Philip Morris USA also reduced the thickness of the poly wrap used in cigarette packaging in 2010, according to the company's website. Along with significant cost savings, the change that year also reduced nearly two million pounds of cigarette packaging materials, required less oil-based resins to be used by the company’s suppliers and translated to about 42 less truckloads of packaging materials shipped to its facilities.

The company also has a consumer education program. Since 2002, it has worked with Keep America Beautiful to launch the Cigarette Litter Prevention Program (CLPP).

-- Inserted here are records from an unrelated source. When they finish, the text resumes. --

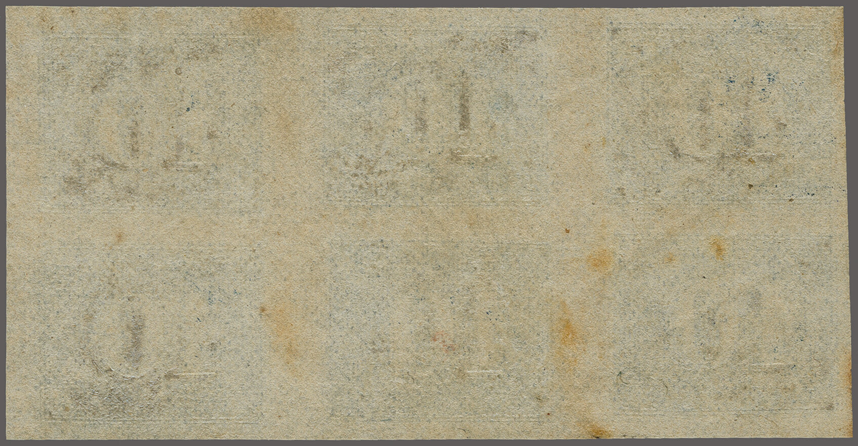 10095 */bof imageColoridos 1854: 10 r. blue on greyish thin paper, an unused block of six (3 x 2), of fine colour with large margins all round, slight ageing, unusually with superb large part og. Scarce. (Image 1) (Image 2)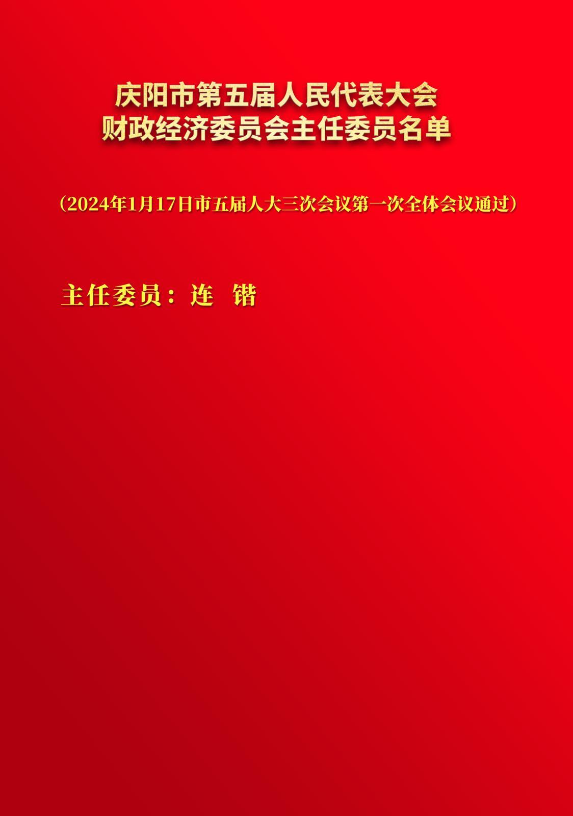 慶陽(yáng)市第五屆人民代表大會(huì)財(cái)政經(jīng)濟(jì)委員會(huì)主任委員名單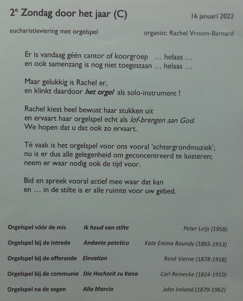 In de kerk aangekomen lag er een briefje van de cantor en een liturgieboekje voor me klaar op de orgelbank. Veel plezier en devotie, stond erop. Ik pak mijn muziek, trek mijn orgelschoenen aan en bestudeer het misboekje. Tranen van ontroering stromen over mijn gezicht, wat een mooi en lief gebaar!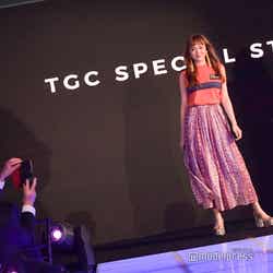 松井は香里奈、土屋アンナらに続き、TGCスペシャルステージに登場。「すべての女性に輝く舞台を」をテーマにした同ステージでは、オレンジのノースリーブトップスを着こなし、先日チェンジしたばかりの明るい茶髪と相まって明るく元気な印象を与えた。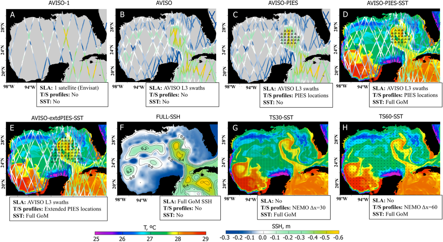 The last group combines idealized cases when unlimited information is available for constraining the 1/32.5° IAS HYCOM simulation. In hindcast “FULL-SSH”, complete information about the sea surface height (SLA from the NR) is provided to the data assimilation algorithm (Figure 7F). In the two other hindcasts (“TS30-SST” and “TS60-SST”), only subsurface T/S fields and SST are assimilated and no SLA fields are used. For these hindcasts, the T/S profiles are derived from the NR at every 30th (Figure 7G) and 60th (Figure 7H) NEMO grid points in the GoM. Thus, the two hindcasts differ in the density of T/S profiles over the GoM.

“We communicate to our adult consumers that cigarette butts are litter and that they should disposed of properly,” said Altria spokesperson Ken Garcia. “Education and information are important in driving change in adult consumer behavior when it comes to cigarette butt litter.”

Garcia called TerraCycle’s program “innovative” and an effort that “can complement a multi-faceted approach to educating consumers and encouraging action on the issue.”

But some have doubts. “One concern with recycling butts is that we have shown these to be toxic waste products -- one cigarette butt soaked in a liter of water kills half the fish exposed to this solution,” said Thomas Novotny, a medical doctor and former assistant surgeon general during the Clinton administration who is also the CEO and founder of the Cigarette Butt Pollution Project.

“Thus, the people collecting, transporting, and re-manufacturing the cigarette butt waste are at risk for this exposure," Novotny said. "The toxins are not removed by sterilization, as they are organic and inorganic chemicals not necessarily susceptible to heat degradation. Before using any recycled butt products, consumers should be aware of this toxicity and regulatory agencies should subject these products to safety testing.”

If the tobacco industry was serious about preserving the environment from cigarette butts, said Dr. Novotny, they could simply stop selling cigarettes – a product he described as, “when used as directed...lethal and at the end of its product life an environmental hazard to boot.”